= Records for this exercise =
[Start of section]

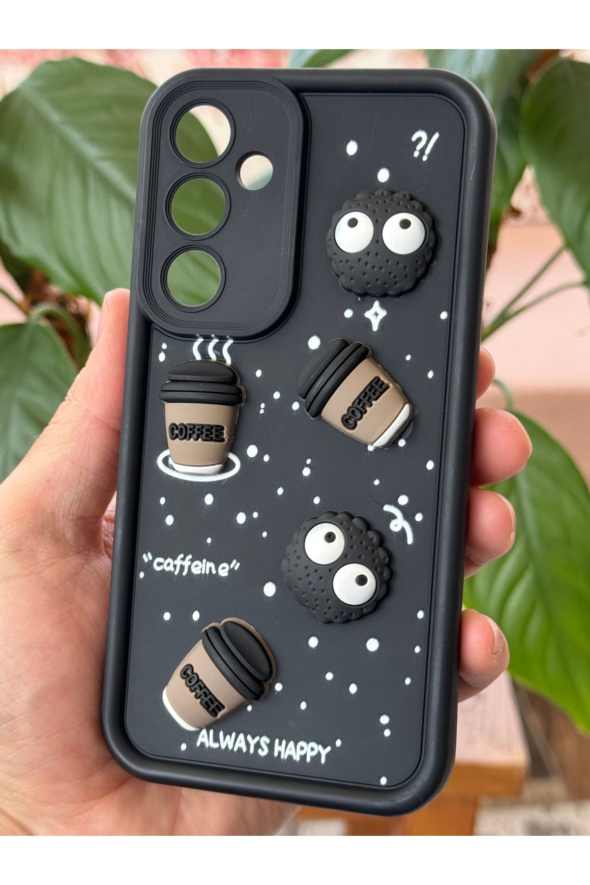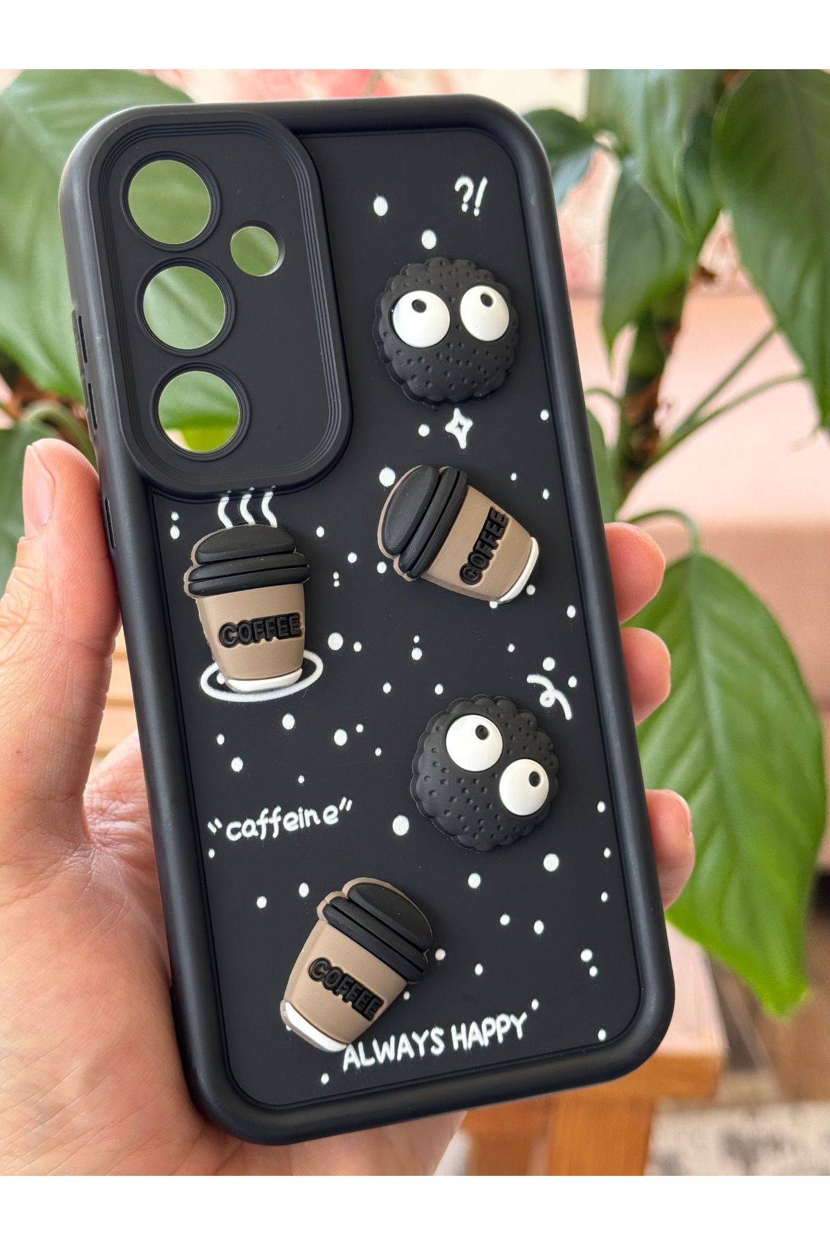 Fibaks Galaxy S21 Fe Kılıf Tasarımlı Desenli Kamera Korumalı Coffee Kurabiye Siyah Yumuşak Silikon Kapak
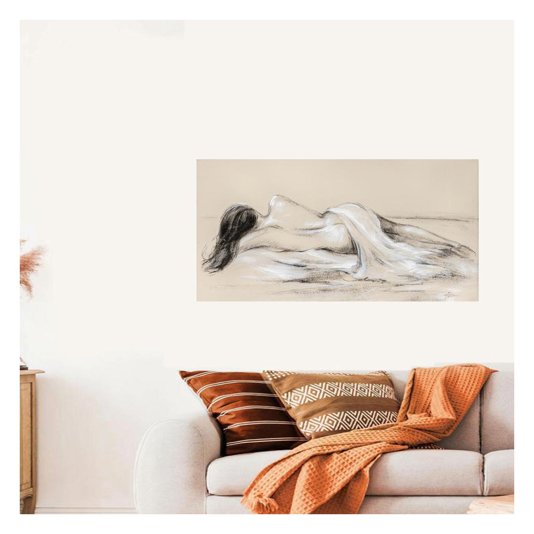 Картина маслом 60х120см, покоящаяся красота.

[End of section]
[Start of section]

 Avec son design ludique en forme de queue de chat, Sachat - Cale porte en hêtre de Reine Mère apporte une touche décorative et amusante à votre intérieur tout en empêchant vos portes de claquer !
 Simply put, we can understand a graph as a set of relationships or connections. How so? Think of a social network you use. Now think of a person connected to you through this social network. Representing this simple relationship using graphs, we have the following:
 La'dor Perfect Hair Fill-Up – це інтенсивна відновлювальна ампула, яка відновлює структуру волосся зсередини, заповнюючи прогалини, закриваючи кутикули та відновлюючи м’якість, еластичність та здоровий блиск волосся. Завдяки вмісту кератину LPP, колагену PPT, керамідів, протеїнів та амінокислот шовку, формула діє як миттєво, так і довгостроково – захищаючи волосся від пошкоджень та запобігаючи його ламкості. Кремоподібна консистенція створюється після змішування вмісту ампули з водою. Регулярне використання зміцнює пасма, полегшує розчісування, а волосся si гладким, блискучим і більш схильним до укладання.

[End of section]
[Start of section]

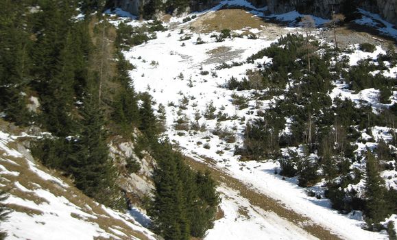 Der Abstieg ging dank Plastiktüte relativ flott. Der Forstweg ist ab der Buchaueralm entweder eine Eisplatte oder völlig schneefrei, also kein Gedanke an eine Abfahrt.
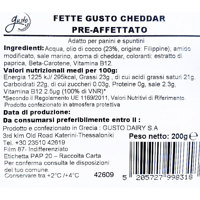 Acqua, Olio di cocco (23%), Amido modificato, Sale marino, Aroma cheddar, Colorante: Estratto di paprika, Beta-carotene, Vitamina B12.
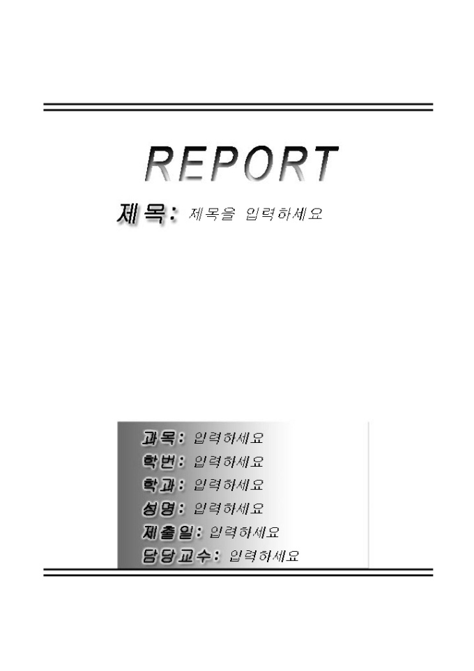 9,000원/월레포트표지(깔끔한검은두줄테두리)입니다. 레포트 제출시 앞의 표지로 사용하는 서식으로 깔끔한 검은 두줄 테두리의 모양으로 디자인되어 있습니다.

[End of section]

= Work to be completed =
Look above for the line with "Fibaks Galaxy S21", then give again exactly every line from there through the line with "Картина маслом 60х120см, покоящаяся красота.", skipping the pictures.

= Solution to this exercise =
 Fibaks Galaxy S21 Fe Kılıf Tasarımlı Desenli Kamera Korumalı Coffee Kurabiye Siyah Yumuşak Silikon Kapak
 Картина маслом 60х120см, покоящаяся красота.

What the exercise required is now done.